Estimating ITN entomological efficacy from experimental hut trial data
Experimental hut trial data
Data from eight EHT, conducted in Tanzania, Côte d’Ivoire and Benin, are used. The main characteristics of each included trial arm are presented in Table 1 and the reader is referred to the original publications for further details (or the Supplementary Tables 6.1 and 6.2 for unpublished trials). We only retained the arms involving Interceptor® G2, Olyset® Plus and pyrethroid-only ITNs.

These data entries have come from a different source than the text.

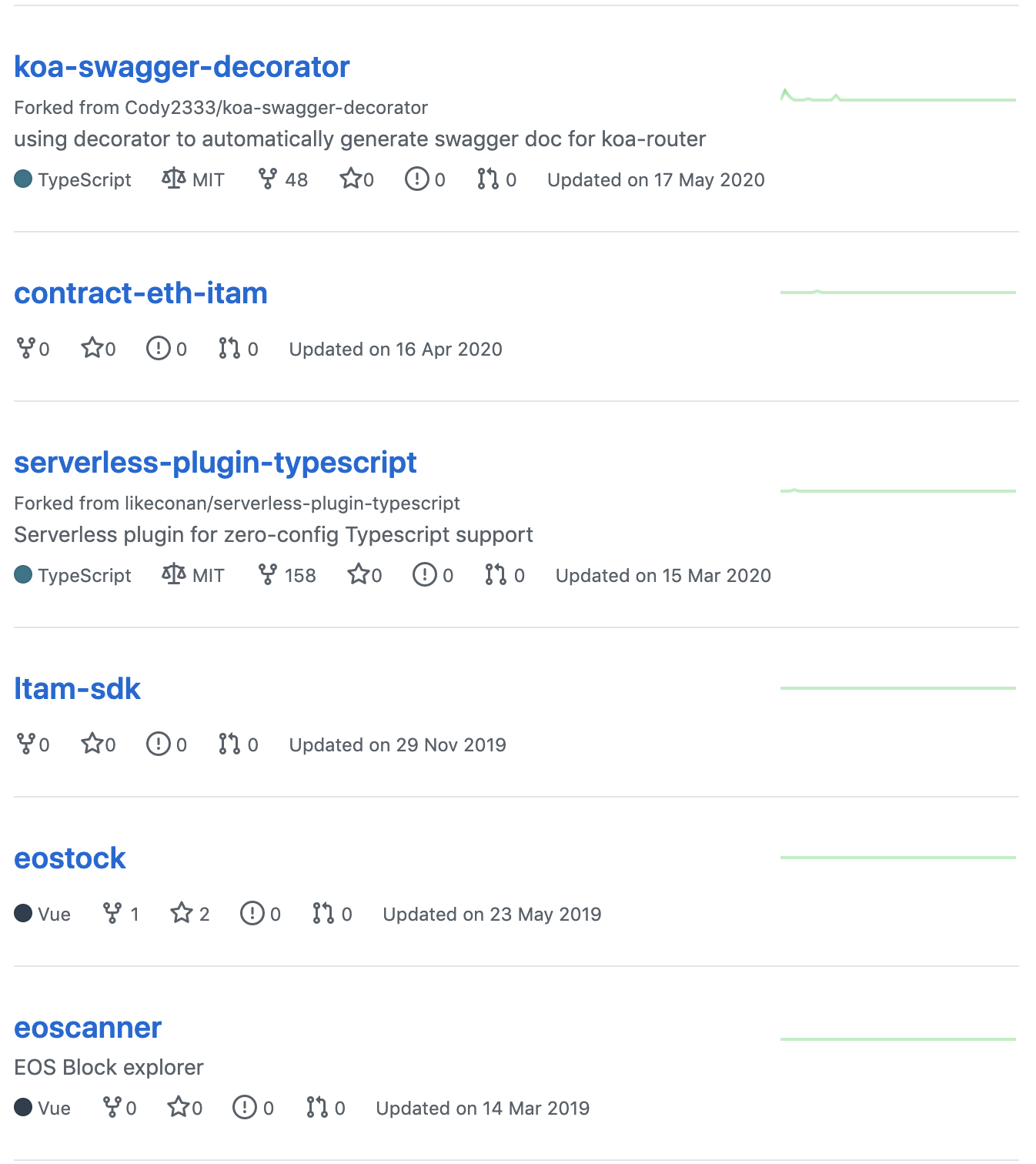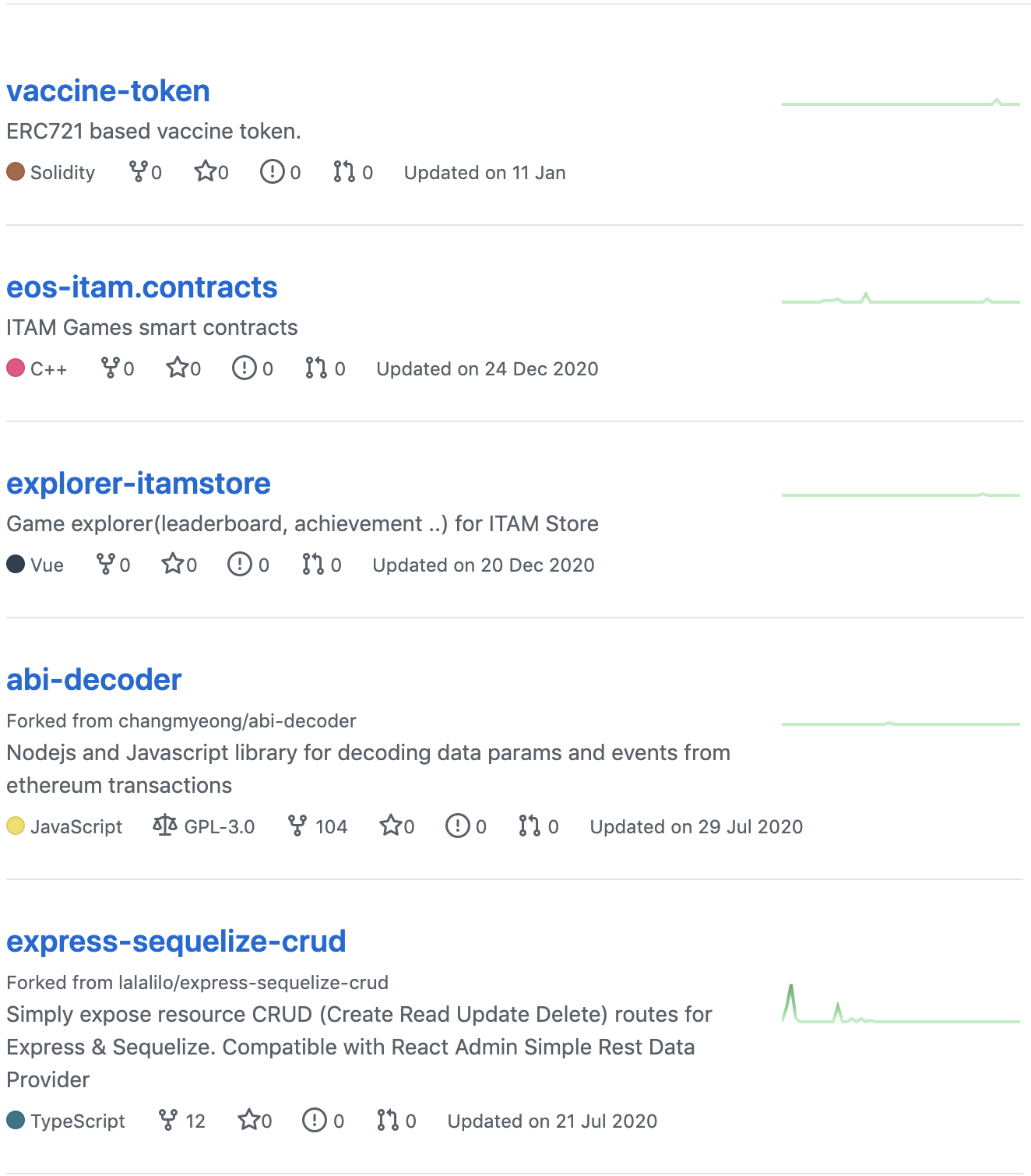 아이텀게임즈 프로젝트 전체 업데이트 현황을 살펴보면 현재 업데이트되고 있는 프로젝트는 존재하지 않습니다. 게임에 유통할 토큰만 개발한 후 코인 관련 개발은 딱히 진행하지 않는 것으로 보이네요. 코인 개발과 관련된 기술력은 살펴볼 수 없습니다. 대다수의 프로젝트들이 타 프로젝트를 포크한 프로젝트고, 꽤 오래 전에 생성된 프로젝트인 것을 확인할 수 있습니다.
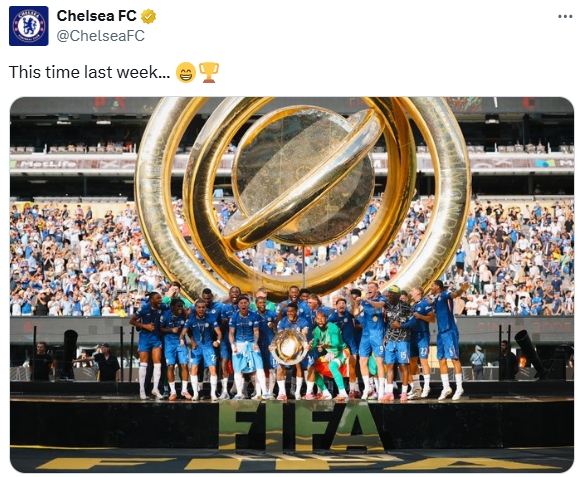 爽賺1個(gè)億!切爾西官推回憶世俱杯奪冠:一周前的此刻????
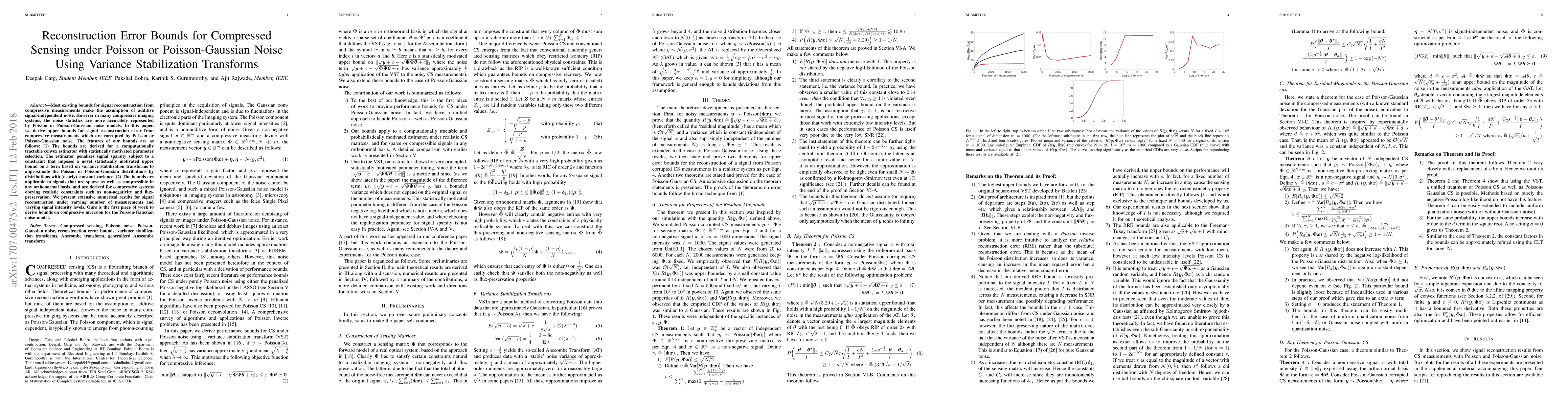 This paper derives upper bounds for reconstruction error in compressed sensing under Poisson or Poisson-Gaussian noise, using a convex estimator with variance stabilization transforms. The bounds apply to sparse and compressible signals, and are validated through numerical experiments.
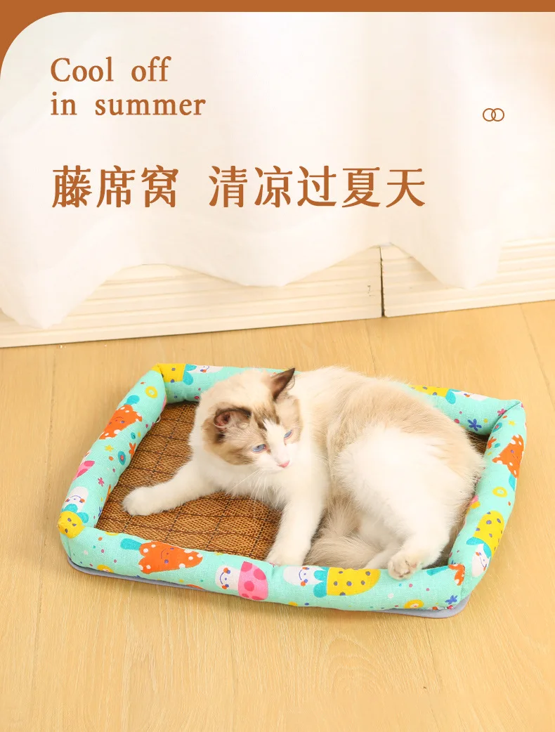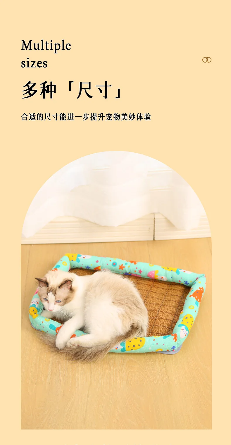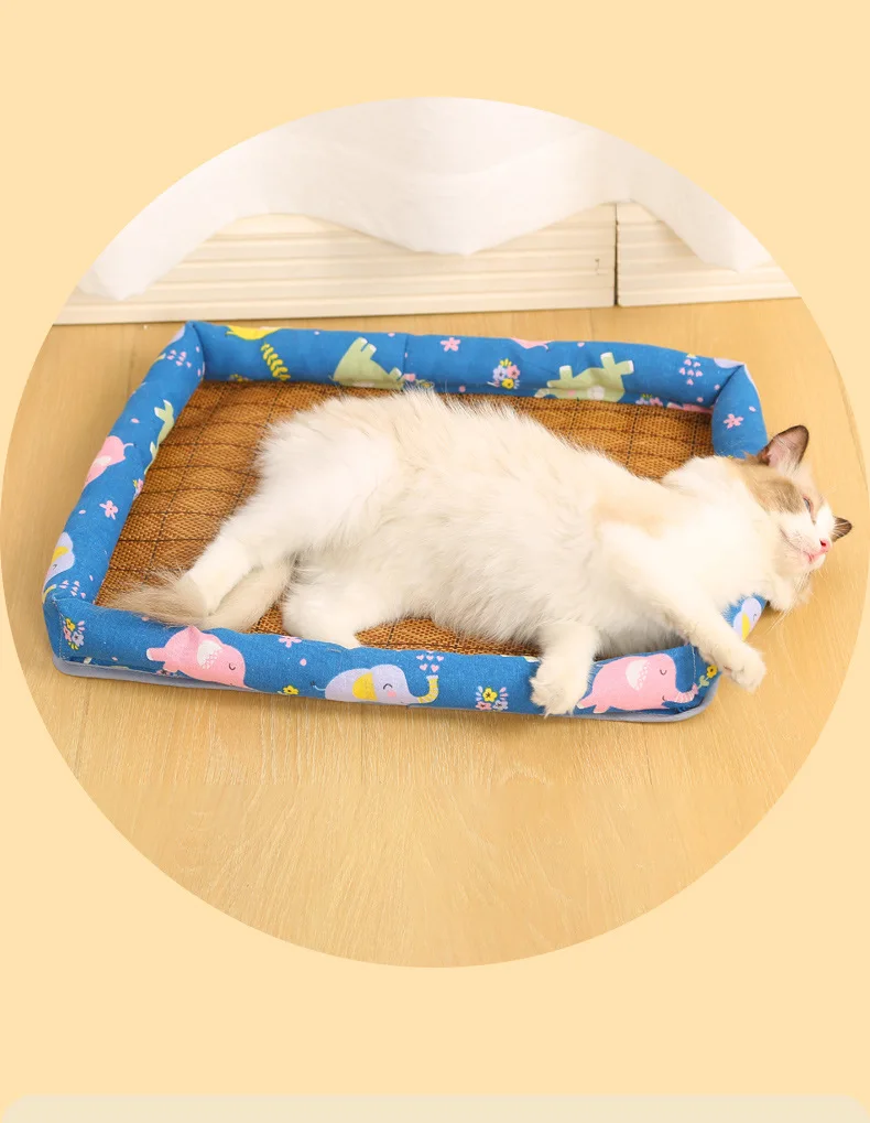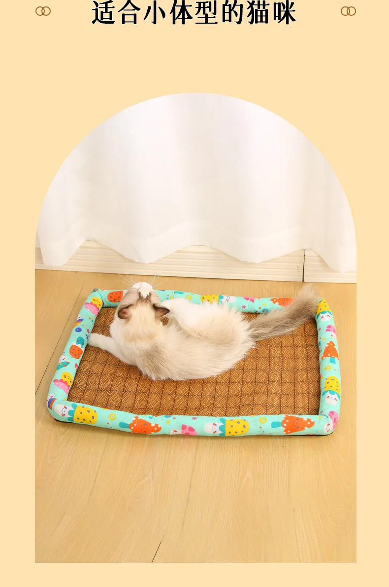 Almohadilla de hielo para mascotas, algodón y lino de verano, perros y gatos, estera Universal para mascotas con nido de gato refrescante de verano de alta temperatura
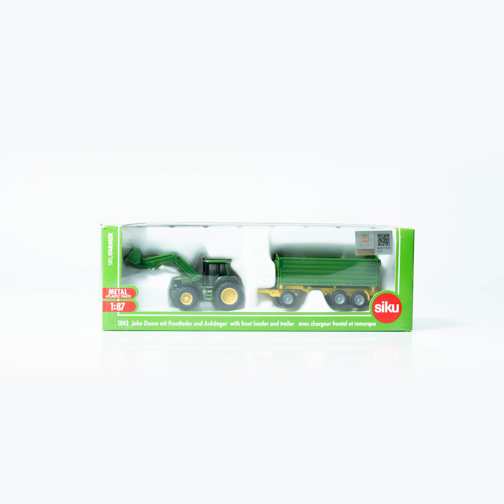 John Deere フロントローダー付きトラクター トレーラー付き 1/87
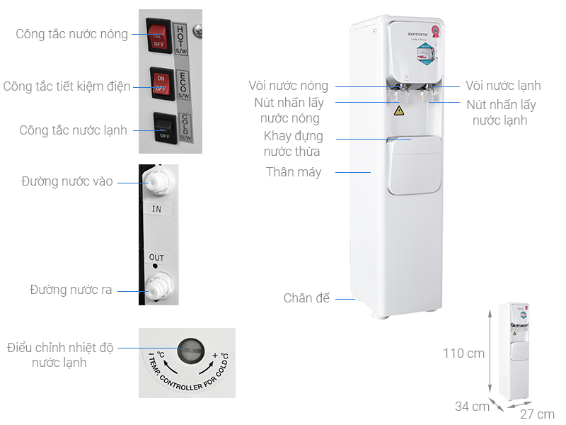 Công suất lọc 15 lít/giờ, bình chứa nước nóng 2 lít, bình chứa nước lạnh 3.2 lít. Chất liệu bình chứa bằng inox 304 cao cấp độ bền cao, trữ nước an toàn cho sức khỏe
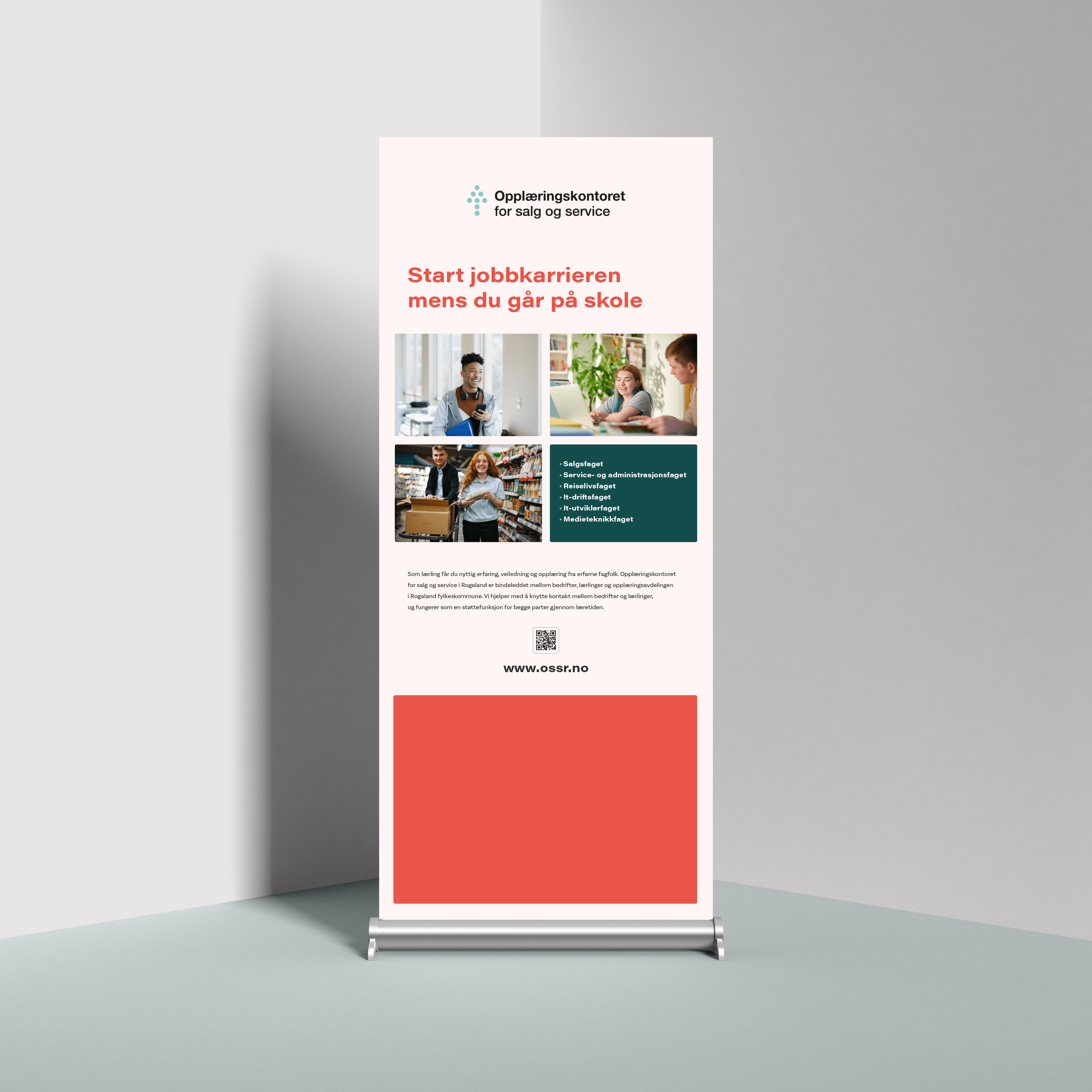 Opplæringskontoret for salg og service i Rogaland (OSSR) trengte en oppdatering av deres nettside og visuelle profil. De ønsket en ny nettside som var både brukervennlig og informativ for deres målgruppe. I tillegg har vi laget en skreddersydd integrasjon mot deres system for ledige stillinger.
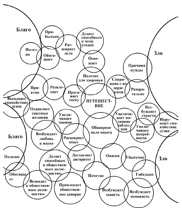 Я не хотел бы только, чтобы из-за схемы этому маленькому и побочному исследованию придали больше значения, чем оно заслуживает по своему характеру. Пояснительным примером я избрал понятие путешествия. Его сфера захватывает область четырех других, и к каждой из них оратор может переходить произвольно; эти сферы, в свою очередь, захватывают другие, – иной раз даже одновременно две или больше; оратор произвольно выбирает в них свою дорогу, всегда делая вид, будто она единственная, а затем смотря по своей цели в конце концов достигает блага или зла. Надо только при прохождении сфер всегда идти от центра (данного главного понятия) к периферии, а не обратно. Оболочкой такой софистики может быть или плавная речь, или же строгая силлогистическая форма – смотря по тому, где находится слабая струнка слушателя. В сущности, большинство научных, особенно философских доказательств построены немногим лучше: иначе как было бы возможно, чтобы столь многое и в разные времена не только ошибочно принималось за истину (ибо ошибка сама по себе имеет другой источник), но и проходило через точную аргументацию и доказательство, а впоследствии оказывалось совершенно ложным? Таковы, например, лейбнице-вольфовская философия, птолемеевская астрономия, химия Сталя, ньютоново учение о цветах и так далее.
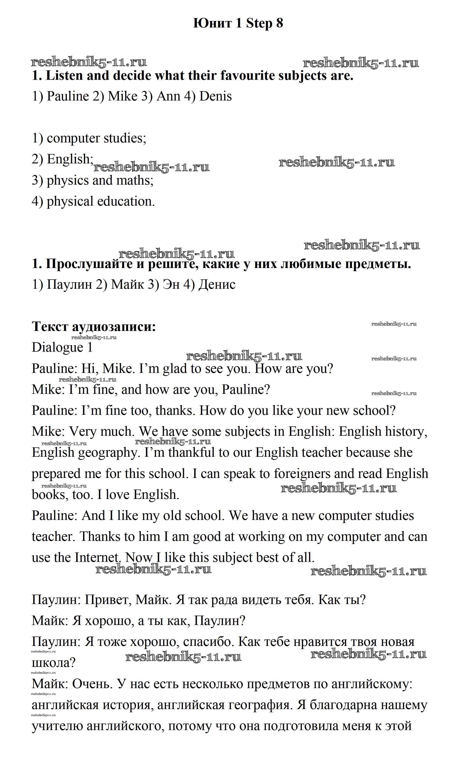 Готовая домашняя работа с ответами по Английскому языку за 7 класс Афанасьева, Михеева, Баранова Учебник Rainbow Часть 1, 2 Дрофа 2019 ФГОС - Step 8 1

Additionally, we only retained products for which measurements were available for both unwashed/new and washed/operationally-aged nets and we only kept the measurements with the highest number of washes or duration of field use.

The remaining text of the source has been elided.